Das klingt nach dem kleinen Einmaleins der Orchestertugenden und geht doch weit darüber hinaus. Unter ihrem Ersten Gastdirigenten Krzysztof Urbanski servierten die Musiker das Stück nicht nur souverän wie auf dem Silbertablett. Sie gaben auch gleichsam eine Absichtserklärung ab: Drunter machen wir es nicht mehr. „Drunter“ ist künftig ganz schön viel Platz, denn die Latte liegt jetzt beeindruckend hoch. Klanglich sowieso, bei einem so schlanken, flexiblen Mozart-Ton, so perlenden Parallelgängen von Flöte und Fagott, einer solchen Süße der Klarinettenläufe.
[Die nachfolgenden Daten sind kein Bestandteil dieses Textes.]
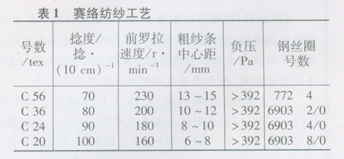 2相關(guān)工藝參數(shù)的設(shè)計(jì) 2.1 牽伸倍數(shù) 賽絡(luò)紡重量牽伸的計(jì)算方法與傳統(tǒng)計(jì)算方法相同。在選擇機(jī)械牽伸時(shí),因兩根喂人粗紗中間有一定間距,張力牽伸較大,牽伸效率應(yīng)根據(jù)不同的原料進(jìn)行選擇。 2.2捻系數(shù) 選擇賽絡(luò)紗捻系數(shù)時(shí),應(yīng)高于傳統(tǒng)環(huán)錠紗捻系數(shù)的15%~20%。因賽絡(luò)紡紗單根須條上的捻度較低,纖維間抱合力差,易出現(xiàn)單根斷頭現(xiàn)象。因此,設(shè)計(jì)賽絡(luò)紡紗捻系數(shù)時(shí)應(yīng)偏大,但選擇過大(接近臨界捻度),會(huì)造成成紗手感僵硬,強(qiáng)力降低,所以要求一般不超過同類產(chǎn)品捻系數(shù)的20%。 2.3粗紗條間距 喂人粗紗條中心距大小直接關(guān)系到成紗效果和設(shè)計(jì)捻度向兩須條的傳遞,影響到斷頭根數(shù),因此是一個(gè)關(guān)鍵參數(shù)。當(dāng)設(shè)計(jì)捻度一定時(shí),粗紗條中心距大,賽絡(luò)紡紗效果好。但間距過大,捻度向單根須條傳遞減少,易出現(xiàn)單根須條斷頭。在一落紗中葉子板距羅拉握持點(diǎn)距離由大逐漸變小,則賽絡(luò)紡紗中須條匯聚點(diǎn)距前羅拉距離也逐漸變小,匯聚點(diǎn)處兩須條夾角增大,影響捻度傳遞效果。因此,選擇好粗紗條間距是關(guān)鍵,使用可凋式雙喂人裝置可以有效解決這一問題。 2.4吸棉口負(fù)壓 細(xì)紗機(jī)車頭吸棉笛管吸棉口負(fù)壓應(yīng)大于392Pa,單紡助接器借助于吸棉口的負(fù)壓,使前羅拉鉗口處的須條吸入吸棉口時(shí)運(yùn)動(dòng)軌跡改變,從前鉗口經(jīng)導(dǎo)須臺(tái)后到吸棉口。如果吸棉口負(fù)壓小,導(dǎo)須臺(tái)尾端吸人點(diǎn)對須條的吸力可能小于導(dǎo)須臺(tái)面對須條的摩擦力,纖維運(yùn)動(dòng)受阻,發(fā)生堵塞現(xiàn)象。實(shí)踐表明,吸棉口負(fù)壓大于392 Pa時(shí)有利于斷裂須條的收集。 2.5鋼絲圈的選擇 由于賽絡(luò)紗的設(shè)計(jì)捻系數(shù)比同號(hào)普梳環(huán)錠紗大20%,左右,因此鋼絲圈應(yīng)偏重掌握1號(hào)~2號(hào)。 2.6常用工藝配置 賽絡(luò)紡紗常用工藝見表1。 ![]() 3操作方法 安裝賽絡(luò)紡控制裝置后,傳統(tǒng)的操作方法有所改變。 (1)粗紗斷裂后接頭。當(dāng)粗紗單紡卡斷器將斷裂粗紗控制后,在兩根粗紗全部斷裂引頭時(shí),將兩根粗紗直接喂入雙喂人裝置,進(jìn)入牽伸區(qū),在單紡斷頭助接器處接頭,使其先正常紡紗以節(jié)省時(shí)問,然后再將兩根粗紗分別放入定位圈和探桿吊環(huán)中。在正常紡紗過程中換粗紗包接頭時(shí),應(yīng)先將相鄰的另一根粗紗從定位圈中取出后再包接粗紗,等包接頭后的粗紗拉緊時(shí)再將兩根粗紗分別放入定位圈中。 (2)細(xì)紗接頭。紡紗過程中如果羅拉鉗口處兩根須條全部斷裂,應(yīng)取紗管,觀察是否卷繞有單股紗,有則將其退繞至正常紗處。拔管、掛鋼圈動(dòng)作與傳統(tǒng)動(dòng)作一致,卡頭時(shí)所留紗稍長,將食指指肚靠近單紡斷頭助接器的集棉口處并向上微挑,讓紗頭與集棉口的纖維須條相觸,然后迅速將手松開。不能將紗頭靠近羅拉鉗口處進(jìn)行接頭。 4成紗質(zhì)量 在安裝賽絡(luò)紡單紗控制裝置后,賽絡(luò)紡紗生產(chǎn)正常,控制效果較好,紡制的賽絡(luò)紗成紗質(zhì)量較好,粗節(jié)、細(xì)節(jié)、棉結(jié)減少,條干改善,成紗毛羽減少。成紗質(zhì)量見表2。 ![]() 5 結(jié)束語 紡紗實(shí)踐表明,對細(xì)紗機(jī)的傳動(dòng)稍加改動(dòng)和調(diào)整后,安裝使用賽絡(luò)紡控制裝置是可行的,對賽絡(luò)紡單紗能進(jìn)行有效控制。由于賽絡(luò)紡單紡助接器對吸棉負(fù)壓的要求較高,有些采用低速吸棉風(fēng)機(jī)的細(xì)紗機(jī)(電機(jī)功率1.5 kW以下,風(fēng)葉直徑370 mm以下)就難以直接使用賽絡(luò)紡控制裝置,但經(jīng)改造后仍能配用。使用賽絡(luò)紡控制裝置后所生產(chǎn)的賽絡(luò)紗質(zhì)量有保證,且賽絡(luò)紗本身具有獨(dú)特的風(fēng)格,能廣泛應(yīng)用于免上漿經(jīng)紗、起絨用紗及針織用紗等,開發(fā)出新穎獨(dú)特的面料。 |

Am wichtigsten aber war die Fallhöhe der Botschaft, das Ineinander von Witz und Abgründigkeit.
Jähe Stille, zögernd einsetzender Applaus, anwachsender Beifall
Die hörbare innere Beteiligung oder, pathetischer, das Herzblut war es, was diesen Abend so besonders machte. Nun hat das Orchester diese Spielzeit einen Artist in Residence, der für die Radikalität des Ausdrucks steht wie wenige andere. Nicolas Altstaedt setzte sich als Solist des Cellokonzerts von Witold Lutoslawski aus dem Jahre 1970 der Partitur so schutzlos aus, wie sich das der Komponist einst gedacht haben muss. Der Einzelne tritt einem Kollektiv gegenüber, darin liegt per se ein Ungleichgewicht.
Altstaedt stellte sich unablässig wiederholende einzelne Töne gegen jähe Ausbrüche. Wie eine menschliche Stimme klangen die, hochemotional und verletzlich, bis ihm plötzlich ein Trompetenakzent ins Wort fiel und allein mit der Klangfarbe im Kopf des Hörers die ganze Brutalität einer Diktatur wachrief. Und bei diesem einen erschütternden Moment sollte es nicht bleiben. Lutoslawski fühlte dem grausamen Konflikt durch alle Stadien hindurch nach, ob in der „Cantilena“ die Geigen das Cello umschmeichelten oder im Schlusssatz Blech und Schlagwerk die Gewehrsalven prasseln ließen. Das letzte Wort hatte nicht das gleißende Tutti, sondern das Cello mit einem gequälten Aufschrei. Jähe Stille, zögernd einsetzender Applaus, anwachsender Beifall und nach einer ganzen Weile als Zugabe ein echter Altstaedt: Mit dem Solocellisten Andreas Grünkorn spielte er einen Satz für zwei Celli von Jean-Baptiste Barrière. Reinstes französisches Barock, galant verziert, und das in innigstem Zusammenspiel.
Letzte Fragen verhandelten die Künstler auch nach der Pause in Tschaikowskys Vierter. Urbanski formte sprechende Details und entfesselte Blechgewitter. Frei und drucklos strömte der Orchesterklang, besonders die Holzbläser leuchteten in warmen Farben. Und im letzten Satz zeigte Urbanski mal wieder, dass er auch Tschingderassabumm kann. Man hätte es fast vergessen bei all der Raffinesse.
Das Konzert wird am Sonntag wiederholt. Es ist ausverkauft.